The purple skies of Shallacatop were bright with a thousand stars as people hiked across the nine mountains towards the Red Citadel. Everything about the planet was beautiful, and always had been beautiful, but the figure sat in the meadows of the second mountain couldn't appreciate the scenary before him. From here he couldn't see the mirrored waters which bordered the Citadel and led out to the sea, but he had a clear view as the tourists and locals walking in pairs or groups towards the scarlet towers and the distance, and suddenly he felt lonely. The Doctor wished he could have brought Clara with him to the Red Citadel, but the psychic paper had asked him to come alone and after recent events he knew Clara needed time to recover.
Before he had time to start making his way towards the towers, an agonising scream rang through the mountains, coming from the direction of the Citadel, and he was already running towards the source. The TARDIS was sitting behind some foliage on the borders of the third mountain, so he didn't have to worry about it being noticed. By the time he reached the ninth mountain he could see a small crowd had formed around a limp form on the ground.
"Everyone get back!" exclaimed a girl at the front of the crowd, probably no more than sixteen or seventeen years old by human standards, "can't you see that this person needs help?" Her skin was pale, and her hair fell down to her lower back in long strands of dark brown; her eyes were a similar colour and held the warmth and emotion of a human rather than a citizen of Shallacatop.
"Who put you in charge, Sophia?" asked an annoyed onlooker, clearly wanting to get a good look at the body on the floor rather than having to be held back by the girl in front of him.
"I'm not in charge! I'm just the only person who realises that someone's been hurt and that he should do something about it rather than gawp at them".
"Don't worry" the Doctor beamed from the sidelines; he admired the girl called Sophia for being far more understanding than the locals, "I'm a doctor, let me through". He made his way to the person on the floor and began to make the sort of checks that a doctor would make, "erm . . . you do realise this person is dead?"

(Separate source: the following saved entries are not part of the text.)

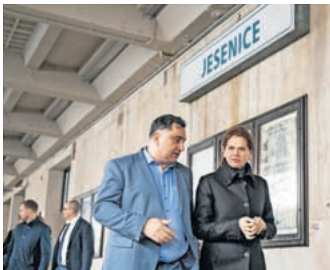
Župan Peter Bohinec in ministrica za infrastrukturo Alenka Bratušek na ogledu železniške postaje

Železniška proga bo podaljšana za 1,4 kilometra do Hrušice, tako bosta nastali dve novi postajališči, in sicer na Plavžu ter na Hrušici.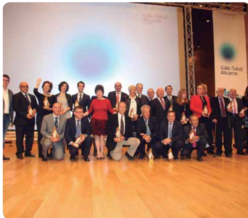
Foto de familia de todos los premiados en la IV Gala de la Salud.

El Auditorio de la Diputación de Alicante (ADDA) acogió la IV Gala de la Salud de la Provincia, un acto en donde los colegios profesionales del ámbito sanitario premiaron la excelencia de algunos compañeros de profesión. Este acto estuvo organizado por la Unión Profesional Sanitaria de Alicante (UPSANA), entidad que agrupa a nueve colegios profesionales relacionados con la sanidad que representan a más de 25.000 profesionales sanitarios que día a día velan por garantizar el bienestar de la población.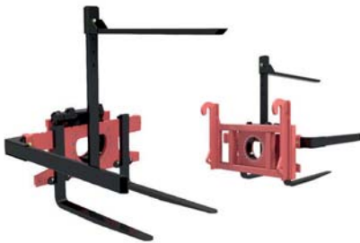
РОТАТОР ТМ «А.ТОМ»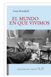
MUNDO EN QUE VIVIMOS BROMFIELD, LOUIS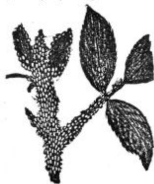
Pod. 17. Listna ušica.

Ker žive vsakovrstne ušice enako, zato bi bilo podrobnejše opisovanje posameznih vrst odveč, ker bi se moralo eno in isto vedno ponavljati. Glavna stvar za nas je, da vemo, kako se da ta mrčes zatreti, ali kedaj se prikaže v posebno velikem številu. Razširjanje tega mrčesa odvisi od raznih okolnosti. V prav suhih ali prav mrzlih in deževnih letinah napada drevje in grmovje v manjši meri, kakor pa v toplih in srednje mokrih letinah. V teh poslednjih letinah se poloti sadnega drevja tako hudo, da je isto že početkom septembra popolnoma brez listja.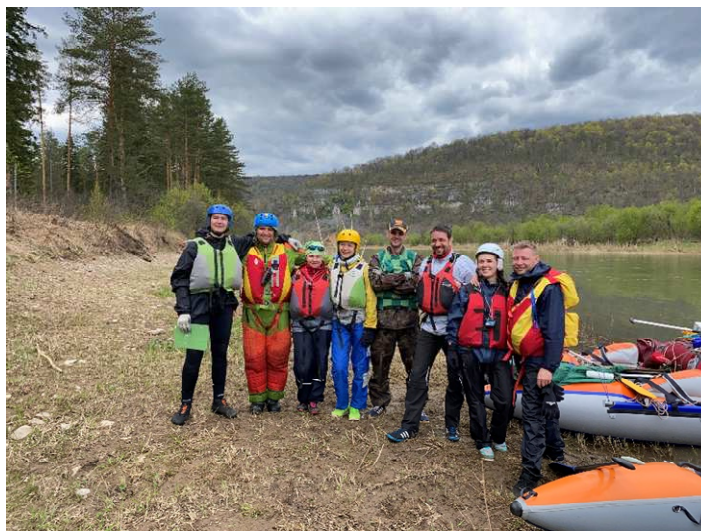
Фото 23. Вот тут и заночуем

За 10 км до пещеры увидели шикарную стоянку с баней на левом берегу. Из-за сильного встречного ветра и опасения занятости стоянок внизу реки, сразу сообща решили делать полудневку, дожидаться вторую группу и затопить печку. Потратив около часа на перекладывание печки, наконец-то затопили её и стали готовить обед. Вскоре подошла вторая группа байдарочников и мы уже встали вместе.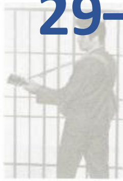
D-45 Elvis Presley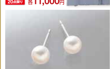
アコヤパールピアス 約5.0~5.5mm珠, 金具:K14WG 10点限り 7,700円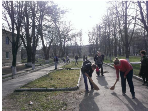
На фото учні під час прибирання центральної вулиці селища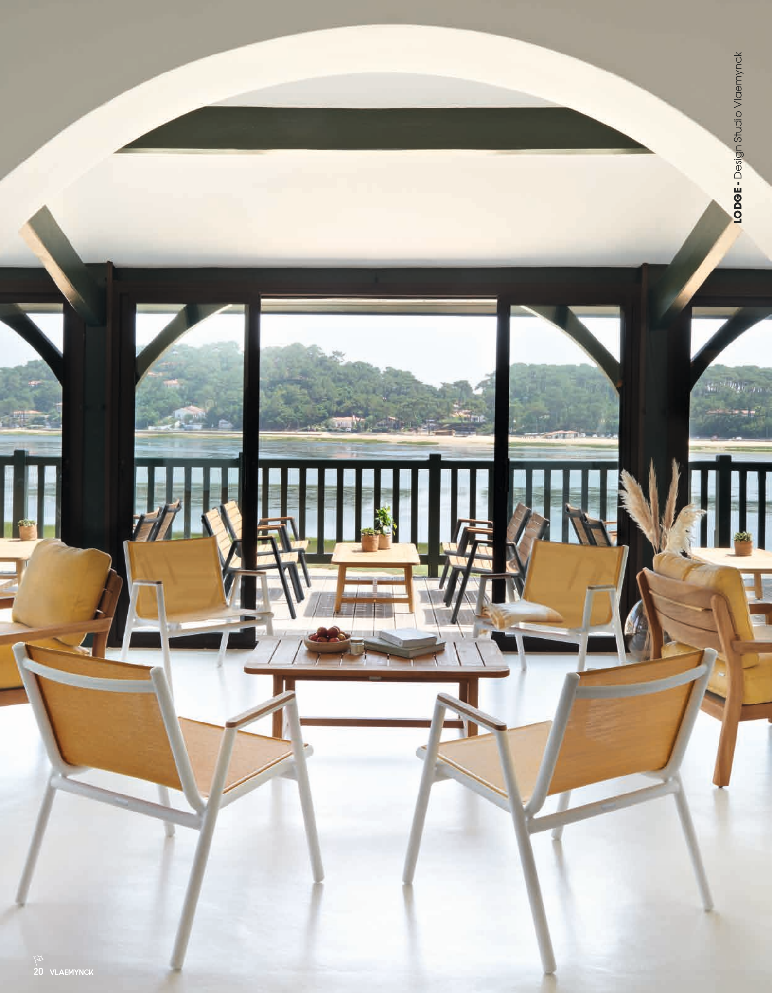
LODGE - Design Studio Vlaemynck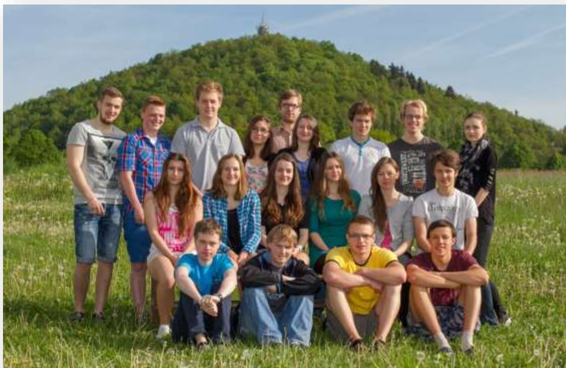
GYMNÁZIUM ČESKÁ LÍPA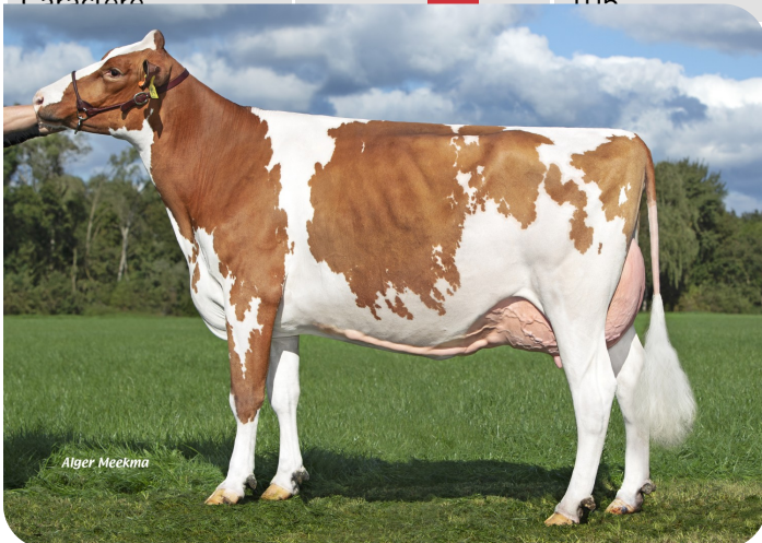
Grashoek Julia 123 (p. Centrum)

Prop.: Fok- en melkveebedrijf K.I. Samen B.V., Grashoek (NL)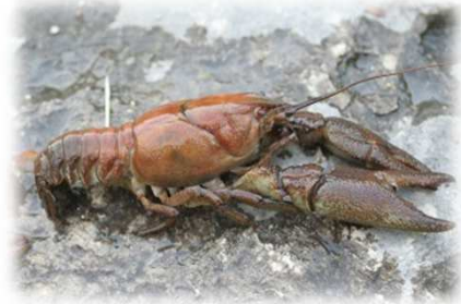
Ecrevisse à pattes blanches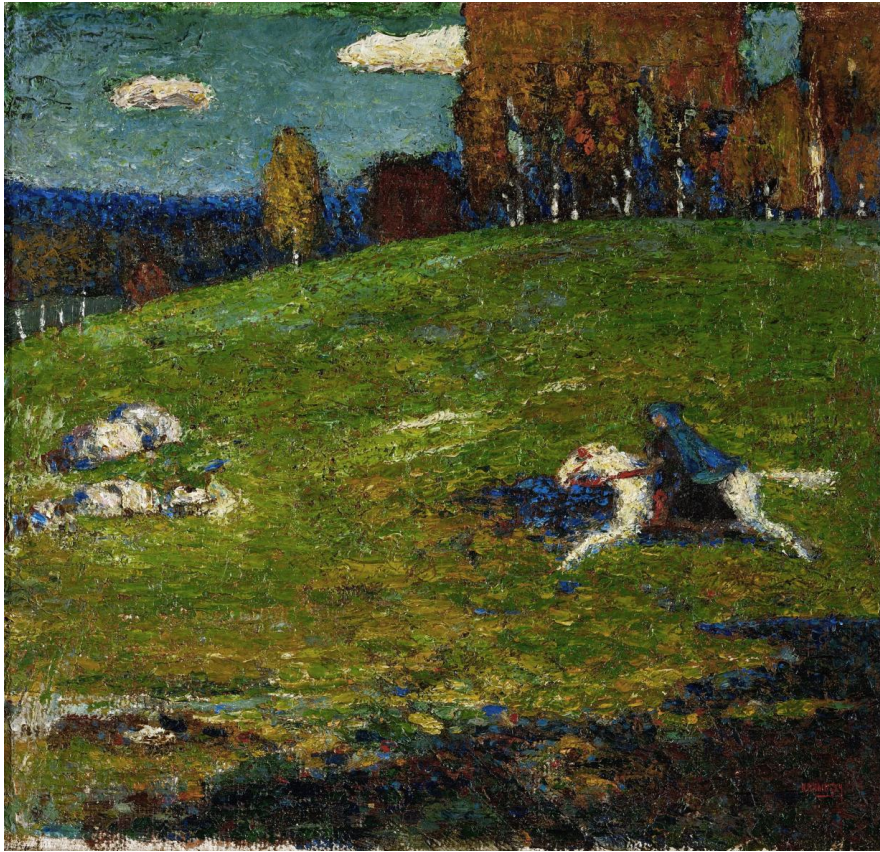
The Blue Rider (Der Blaue Reiter), 1903

Στο να ακολουθήσει καριέρα καλλιτεχνική , συνετέλεσαν κυρίως δύο γεγονότα : η έκθεση των Γάλλων ιμπρεσιονιστών στη Μόσχα και η παρουσίαση του έργου Λόεγκριν του Ρίχαρντ Βάγκνερ στο Βασιλικό Θέατρο της Μόσχας . Όμως ο Καντίνσκι δεν παρέλειπε να λέει πως «ο πατέρας μου, μου επέτρεπε με ασυνήθιστη υπομονή , να ακολουθήσω τα όνειρα μου και να κάνω το κέφι μου σε όλη μου τη ζωή. Οι γραμμές αυτές θα πρέπει να είναι οδηγός για όσους γονείς προσπαθούν να αποτρέψουν , και συχνά με τη βία , τα παιδιά τους -και κυρίως τα προικισμένα - από τις αληθινές τους κλίσεις κάνοντας τα δυστυχημένα ».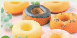
01 アンファンージュ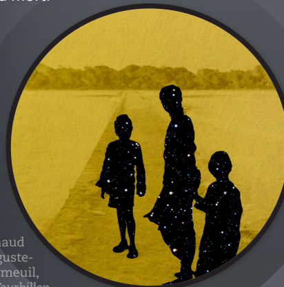
Renaud Auguste-Dormeuil, Le Tourbillon de la vie #02 , 2013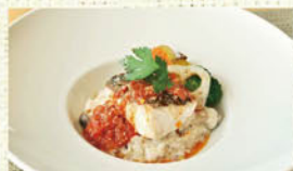
④白身魚と十五穀米の 豆乳ヘルシーリゾット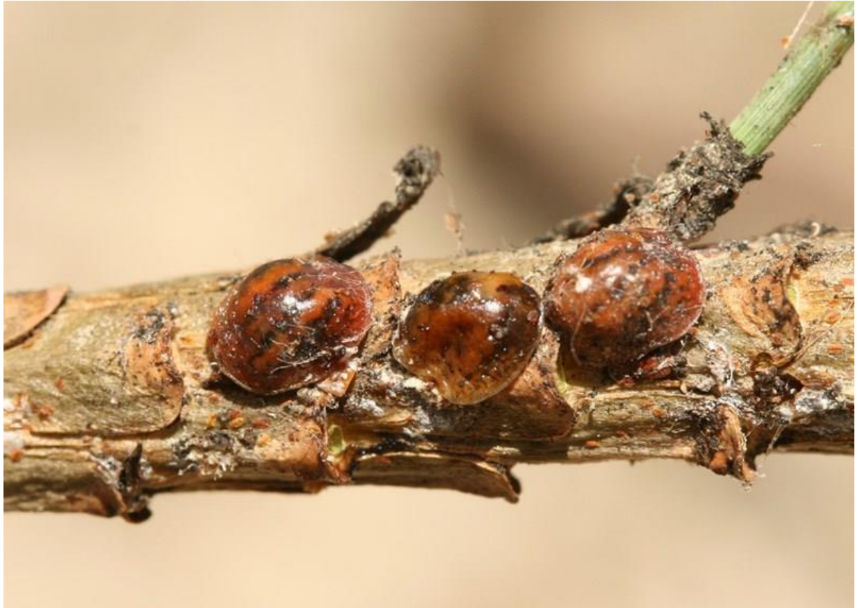
Fig. 1. Colonia di Toumeyella parvicornis su germoglio di pino domestico

Toumeyella parvicornis (Cockerell) è un insetto di origine americana, denominato Cocciniglia tartaruga del pino per la particolare morfologia del corpo delle femmine adulte, che ricorda un carapace di tartaruga, e perché vive sulle piante del genere Pinus .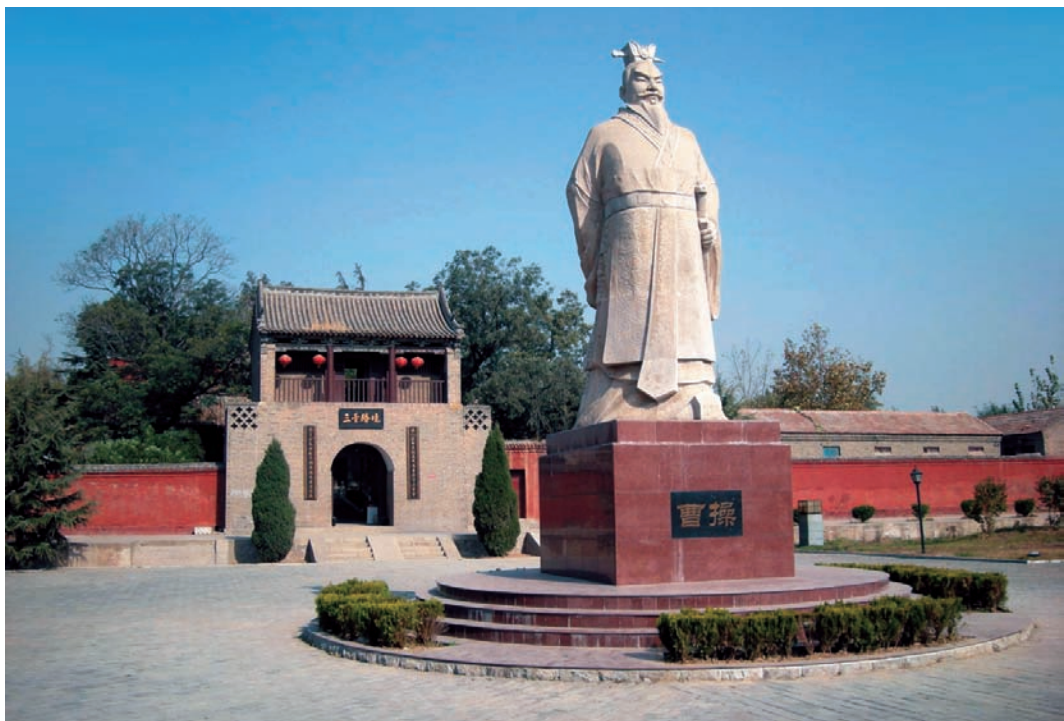
河北临漳县邺城遗址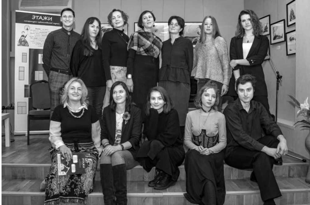
Авторы, лауреаты, студенты театральных мастерских

веду выдержку из репортажа Антон Ситникова для Contact Boston, где наиболее подробно описываются события вечера: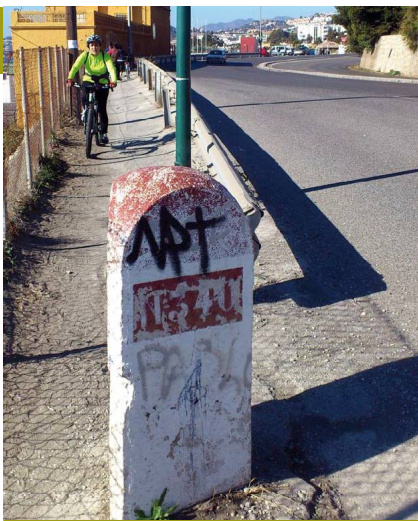
Mojón en la carretera N-340

En el Palmeral de las Sorpresas del Muelle 2 tiene sus instalaciones el Aula del Mar, que inició su andadura en 1.989 en dependencias cedidas por la Cofradía de Pescadores. Es ya una institución en el litoral andaluz por sus actividades relacionadas con la Educación Ambiental, la conservación de los ecosistemas litorales y la recuperación de especies marinas, especialmente tortugas y cetáceos. Actualmente gestionan el Museo Alboranía, una visita muy recomendable.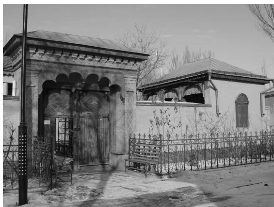
图7 六星街特色民居建筑

The crowd gasped in horror and began to talk to each other in frantic whispers, some even ran towards the Citadel and others back across the mountains to inform everyone of what had happened.
"Of course I knew she was dead" Sophie replied indignantly, "I'm not stupid! These people were already on edge after some of them saw this person being attacked; I didn't want to give them more of a reason to start panicking".
"But this is Shallacatop, not exactly the intergalactic centre of zero crime rates, people get murdered here every day". As much as it pained him to say it this was true, despite its beauty and valour Shallacatop had one of the highest crime rates in this galaxy and by now locals had gotten used to finding people murdered in the most unlikely places.
"It's more than that" Sophie said.
"What do you mean?"
"I didn't see the attack, but those who did described the attacker for the rest of us. There are few creatures fouler than the angedes larmes"; her accent was English but she was clearly speaking French.
"That . . . that sounds like-"
"French. I'm human, I grew up in France in the fourty-ninth century-"
"When the two nations divided it's citizens and formed a secondary alliance in preparation for the Sixth Intergalactic War with the Sontarans" which explained why the TARDIS hadn't translated the words; she was from the future but speaking the language of the past.
"You're smart" Sophia sounded genuinely impressed.
"I'm a Doctor".
"But seeing as you didn't react to the name angedes larmes you either don't know the language or don't know the creatures".
"What does it mean" although the Doctor feared he already knew.
"It's ancient French, meaning angel of tears".
His hearts stopped at the words. If the weeping angels were in Shallacatop then everyone on the planet was in danger, but far worse than that was that the Doctor would stop at nothing to kill every last one of them. "So you know of them then?"
"I have enountered and destroyed them so many times now. The last time I saw them they took something from me that I will never see again no matter how much I want to, and for that I will hunt them down and destroy them". Sophia was suddenly scared at the Doctor's vengeful attitude towards the weeping angels, but the stories she had heard about them suggested that his attitude was entirely justified.
"That's strange".
"What is?"
"The woman in the Citadel said almost the exact same thing. What did you say your name was again?"
"The Doctor"
"Doctor Who?"
"Isn't that a question. Who is the woman in the Citadel?"
"She never told me her name. But she said she needed to contact the Doctor to help get rid of the angels, and that she had personal business with them after they took something from her that she was sad to lose".
"Wait, I thought you were the one who contacted me!"
"But I don't even know you!"
"But you found the vict-"
"She did say something else, a message she wanted me to pass on to The Doctor if I found him on the mountains, although I never really thought about it before".
"What was the message?"
"Hello Sweetie"; the Doctor was already halfway to the Citadel before Sophia realised he had gone. The Doctor ran across the ninth mountain and towards with tower with three things on his mind, one; the weeping angels would be destroyed once and for all even if it meant his life, two; he never thought he would see the woman in the Citadel ever again and so didn't need to think twice about why the tears were running down his cheeks and why there was a smile on his face, and three; Sophia seemed eerily familiar but he didn't know why and was afraid he would find out soon.